**Exercise instructions**.
Would you copy exactly the lines in the data below from the one that has "파노라마로 담아본 모습, 6월에는 덕정산과 진강산 옆으로 해가 떠오른다." through the one that has "Space & Glaze", dropping any pictures?

**Input records**.
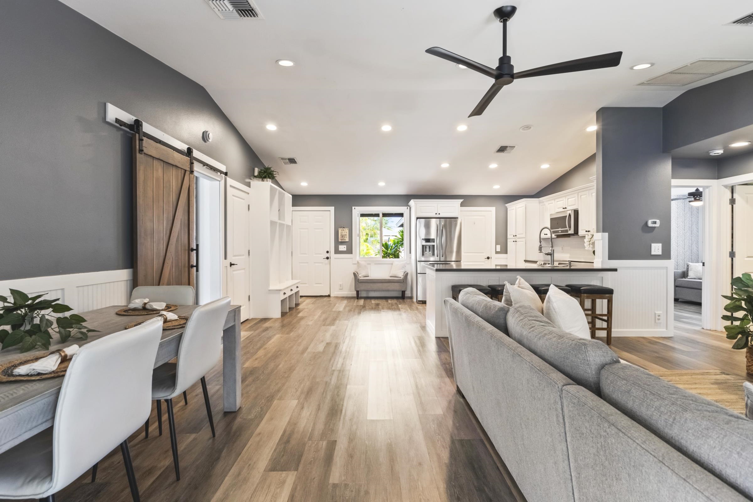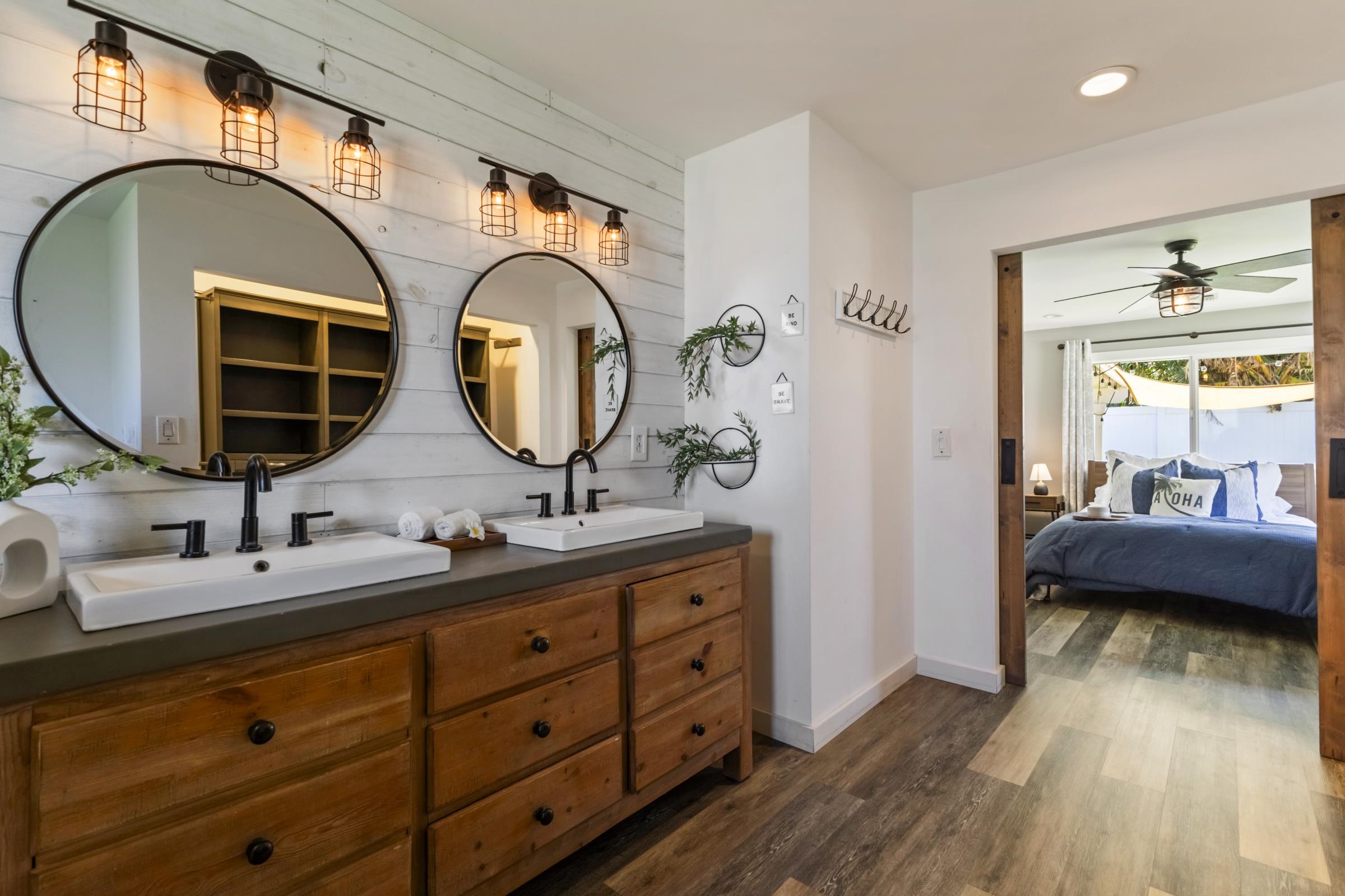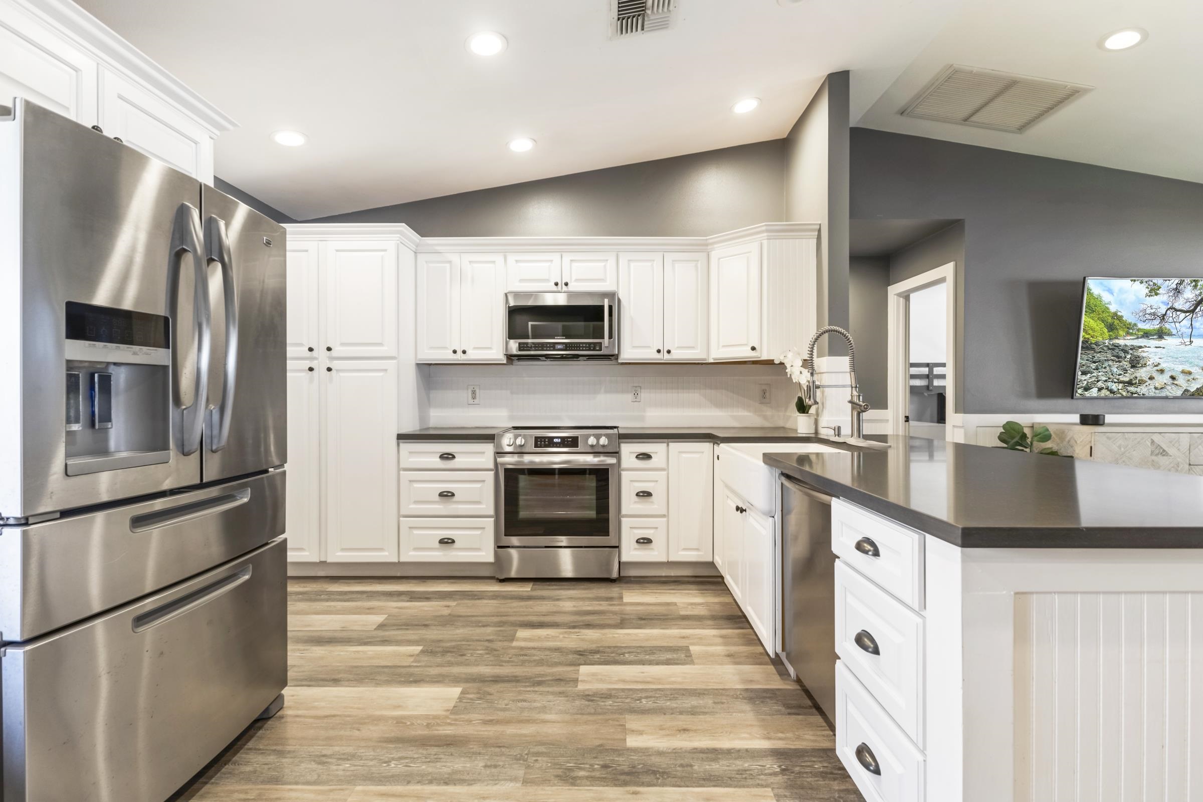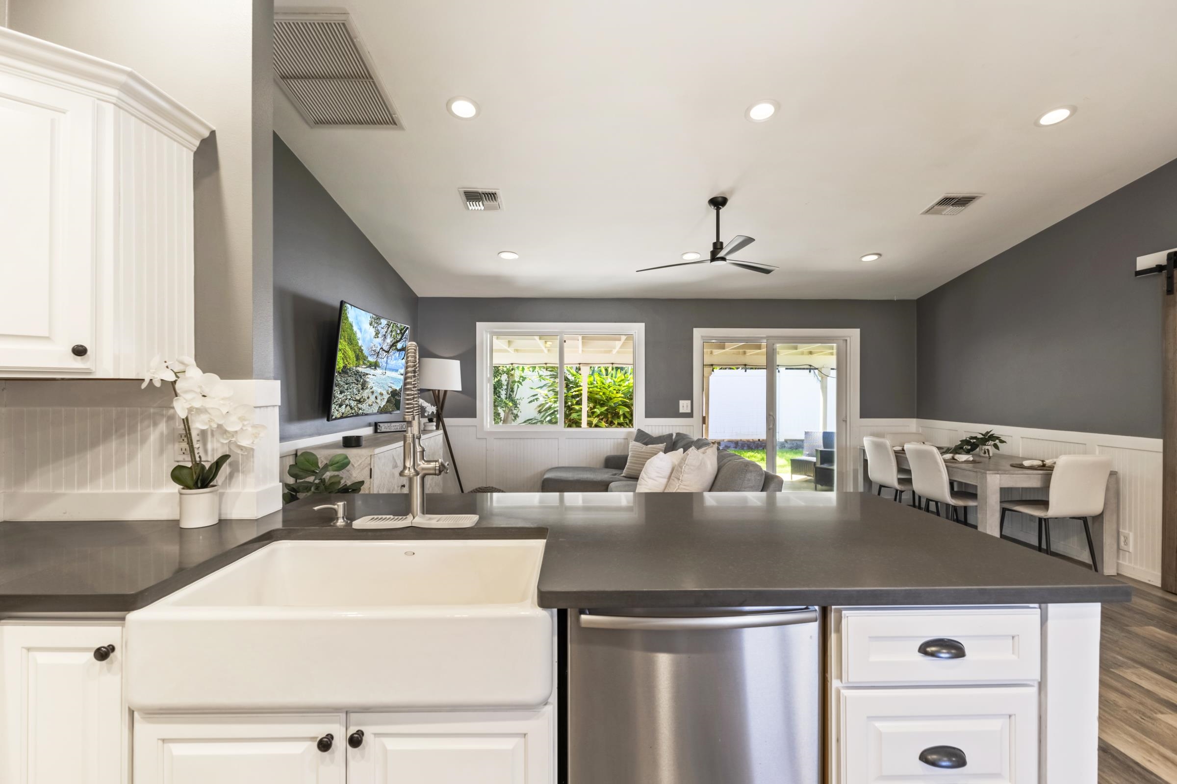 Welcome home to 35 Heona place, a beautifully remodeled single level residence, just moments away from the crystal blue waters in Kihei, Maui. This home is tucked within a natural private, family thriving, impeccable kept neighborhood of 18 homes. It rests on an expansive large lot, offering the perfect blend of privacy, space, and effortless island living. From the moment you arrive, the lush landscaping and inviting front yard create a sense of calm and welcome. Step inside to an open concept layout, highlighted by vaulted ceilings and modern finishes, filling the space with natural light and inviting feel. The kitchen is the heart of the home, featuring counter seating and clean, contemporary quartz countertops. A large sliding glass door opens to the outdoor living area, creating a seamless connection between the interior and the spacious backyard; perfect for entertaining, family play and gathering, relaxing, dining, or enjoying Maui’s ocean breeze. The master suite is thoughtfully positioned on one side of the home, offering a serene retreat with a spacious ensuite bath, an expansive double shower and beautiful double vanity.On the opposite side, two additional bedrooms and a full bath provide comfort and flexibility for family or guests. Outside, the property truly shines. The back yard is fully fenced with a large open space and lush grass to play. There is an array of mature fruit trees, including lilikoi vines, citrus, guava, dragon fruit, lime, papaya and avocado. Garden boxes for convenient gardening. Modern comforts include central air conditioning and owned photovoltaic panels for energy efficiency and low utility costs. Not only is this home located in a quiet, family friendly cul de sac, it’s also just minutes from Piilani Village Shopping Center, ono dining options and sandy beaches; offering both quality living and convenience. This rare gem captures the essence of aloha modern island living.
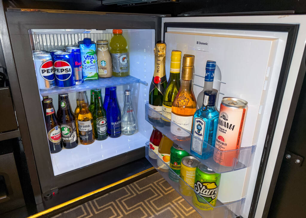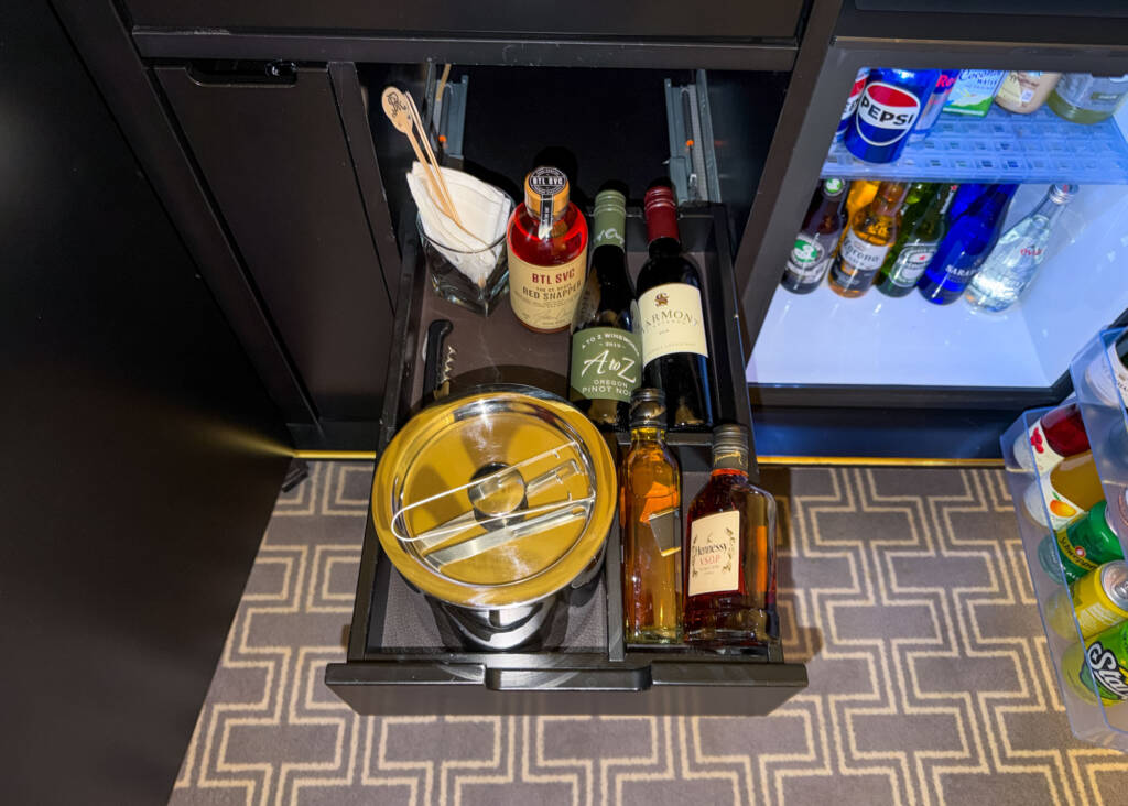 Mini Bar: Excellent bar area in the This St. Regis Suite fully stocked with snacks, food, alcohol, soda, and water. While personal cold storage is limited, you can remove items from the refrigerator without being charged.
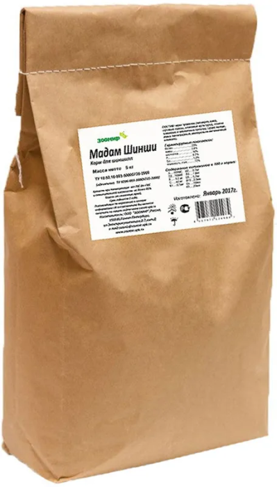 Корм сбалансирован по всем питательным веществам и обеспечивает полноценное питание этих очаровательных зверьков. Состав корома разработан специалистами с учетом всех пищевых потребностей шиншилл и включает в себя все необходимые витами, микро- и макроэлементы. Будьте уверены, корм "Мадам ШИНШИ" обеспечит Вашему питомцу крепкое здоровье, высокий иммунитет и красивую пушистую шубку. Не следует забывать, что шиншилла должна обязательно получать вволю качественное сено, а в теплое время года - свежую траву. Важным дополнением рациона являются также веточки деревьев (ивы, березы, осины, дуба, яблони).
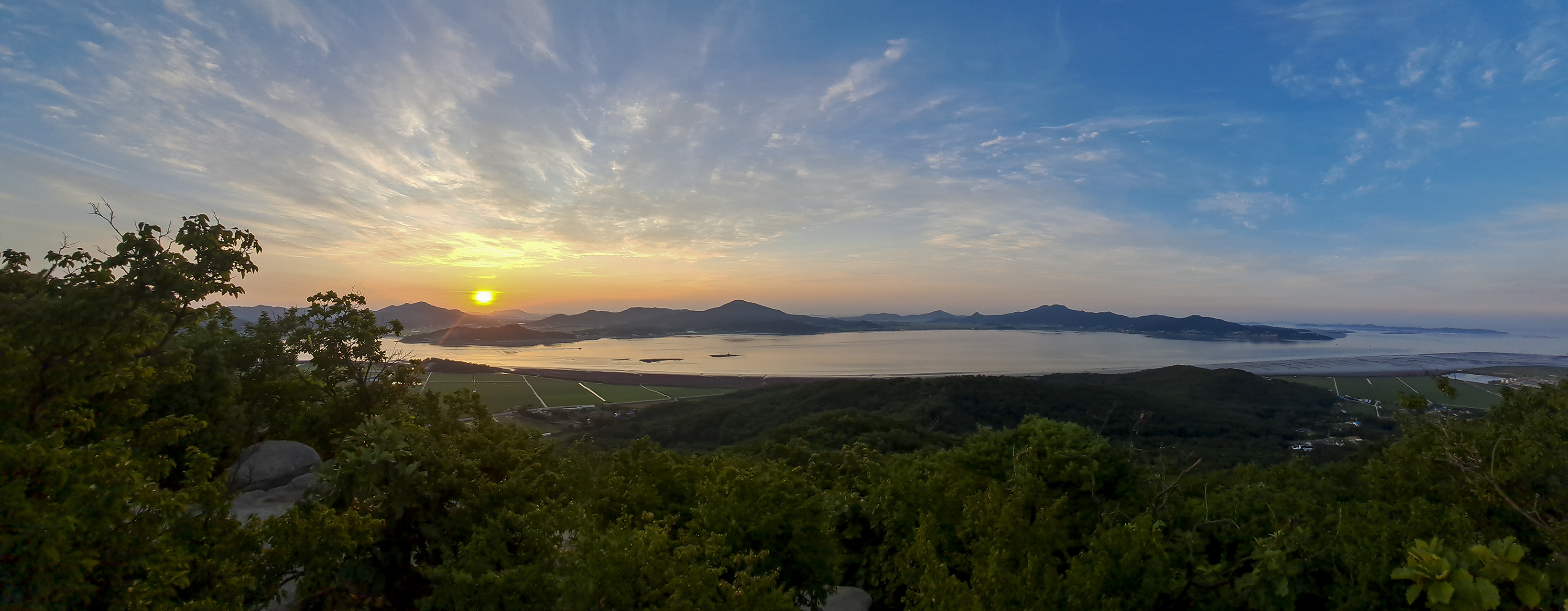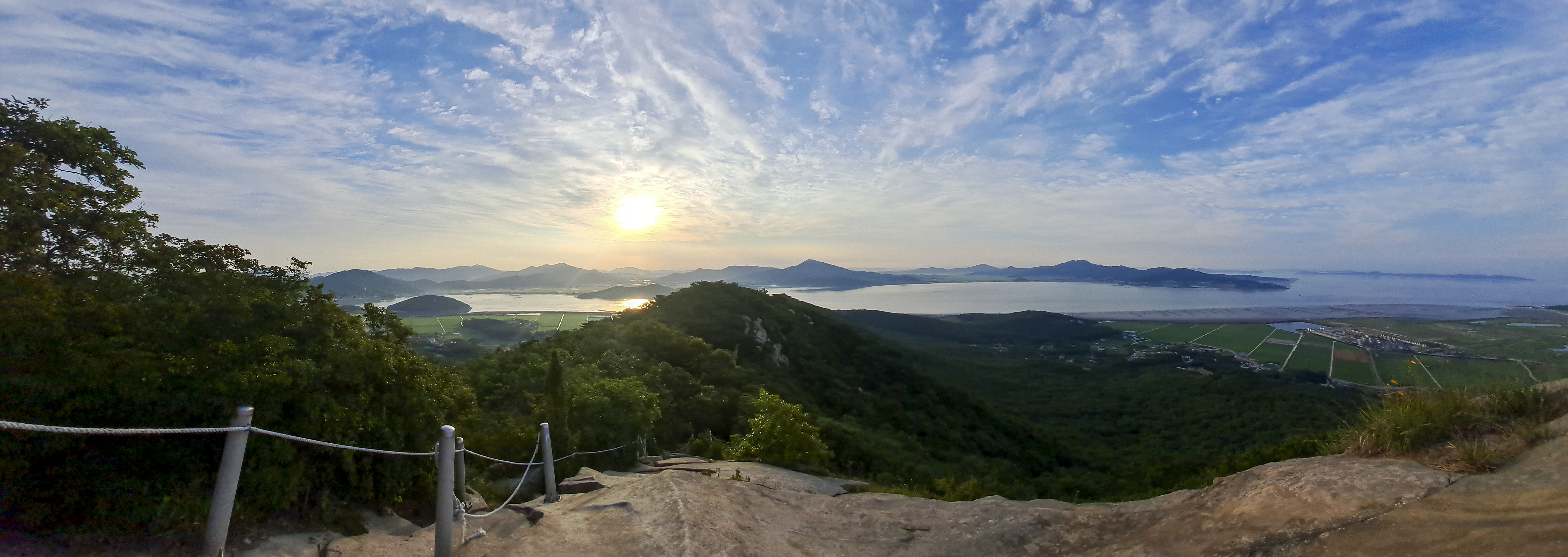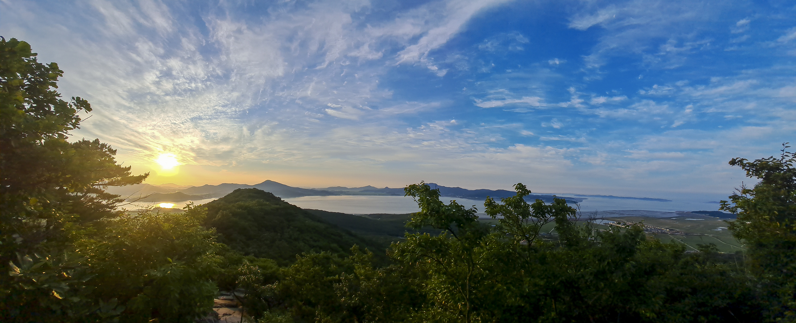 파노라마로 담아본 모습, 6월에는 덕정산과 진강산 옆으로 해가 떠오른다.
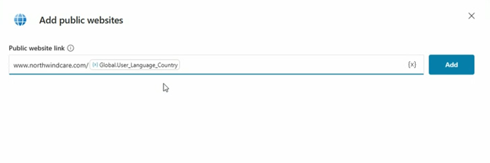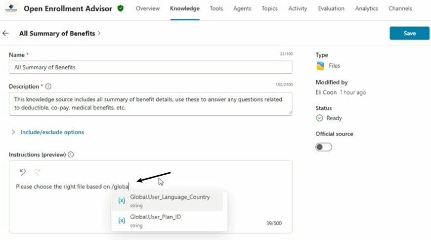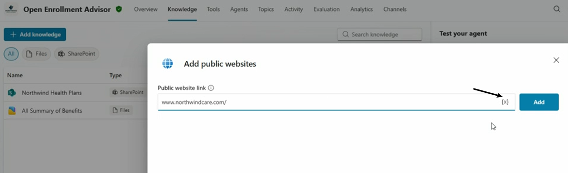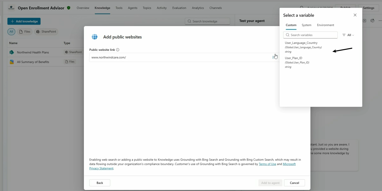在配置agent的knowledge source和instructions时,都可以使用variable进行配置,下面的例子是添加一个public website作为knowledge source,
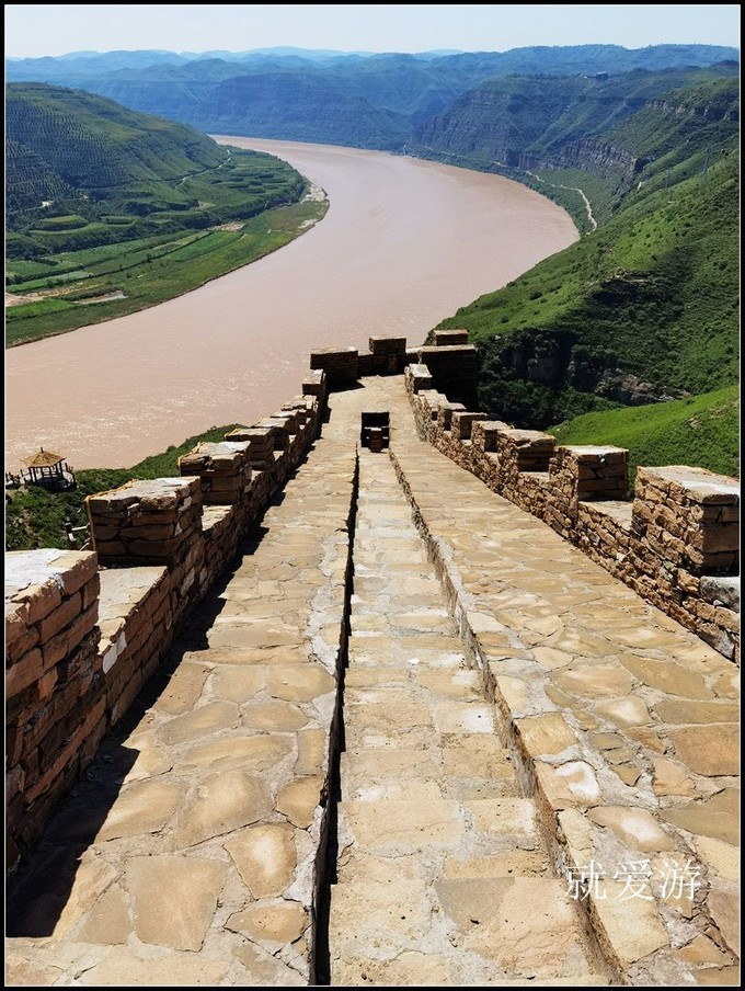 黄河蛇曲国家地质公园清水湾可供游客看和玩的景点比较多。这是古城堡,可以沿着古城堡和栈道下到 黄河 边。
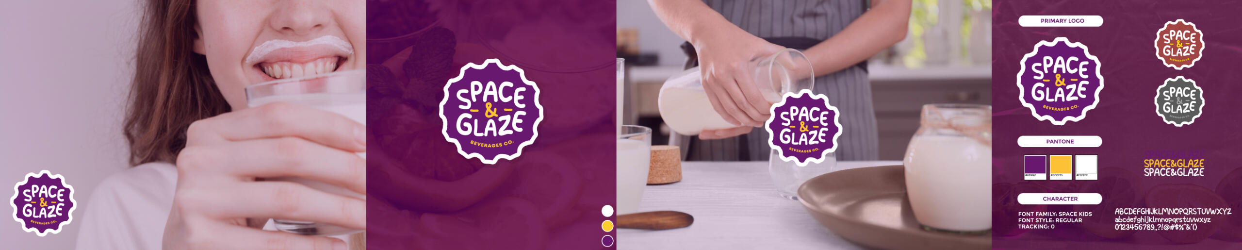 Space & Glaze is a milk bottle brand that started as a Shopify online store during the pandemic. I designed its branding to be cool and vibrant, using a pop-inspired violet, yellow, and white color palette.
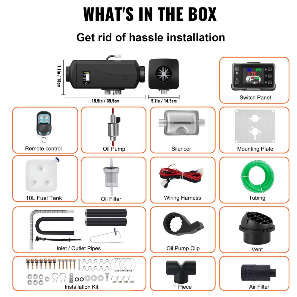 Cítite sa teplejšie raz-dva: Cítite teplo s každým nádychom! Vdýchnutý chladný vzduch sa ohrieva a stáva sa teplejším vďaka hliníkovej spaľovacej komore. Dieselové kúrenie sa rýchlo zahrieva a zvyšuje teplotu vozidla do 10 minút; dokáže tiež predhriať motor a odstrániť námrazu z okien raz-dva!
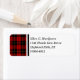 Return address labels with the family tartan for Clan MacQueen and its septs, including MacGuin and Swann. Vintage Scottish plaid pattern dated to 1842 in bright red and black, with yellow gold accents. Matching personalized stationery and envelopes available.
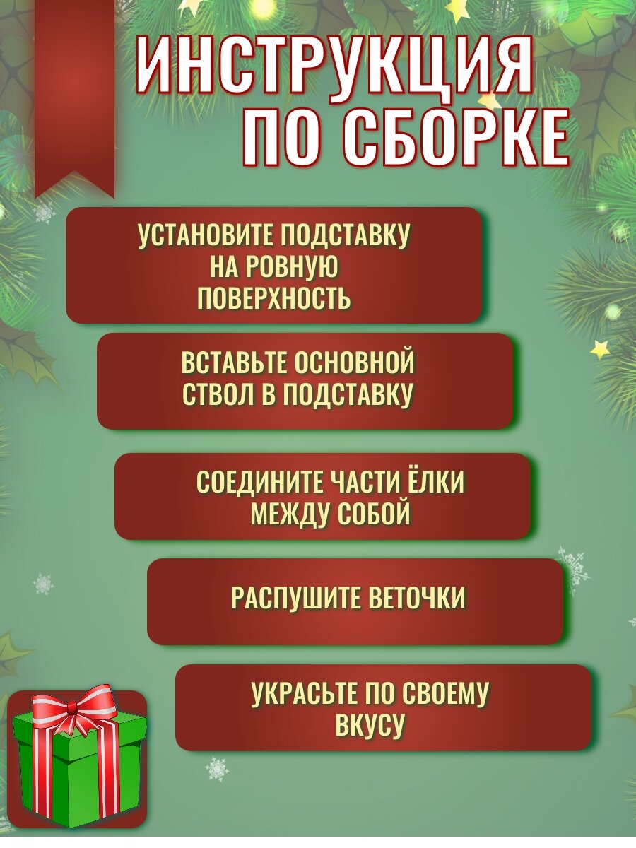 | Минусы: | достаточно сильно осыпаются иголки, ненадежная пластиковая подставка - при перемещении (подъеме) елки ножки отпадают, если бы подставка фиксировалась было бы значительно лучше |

**Written reply**.
 파노라마로 담아본 모습, 6월에는 덕정산과 진강산 옆으로 해가 떠오른다.
在配置agent的knowledge source和instructions时,都可以使用variable进行配置,下面的例子是添加一个public website作为knowledge source,
 黄河蛇曲国家地质公园清水湾可供游客看和玩的景点比较多。这是古城堡,可以沿着古城堡和栈道下到 黄河 边。
 Space & Glaze is a milk bottle brand that started as a Shopify online store during the pandemic. I designed its branding to be cool and vibrant, using a pop-inspired violet, yellow, and white color palette.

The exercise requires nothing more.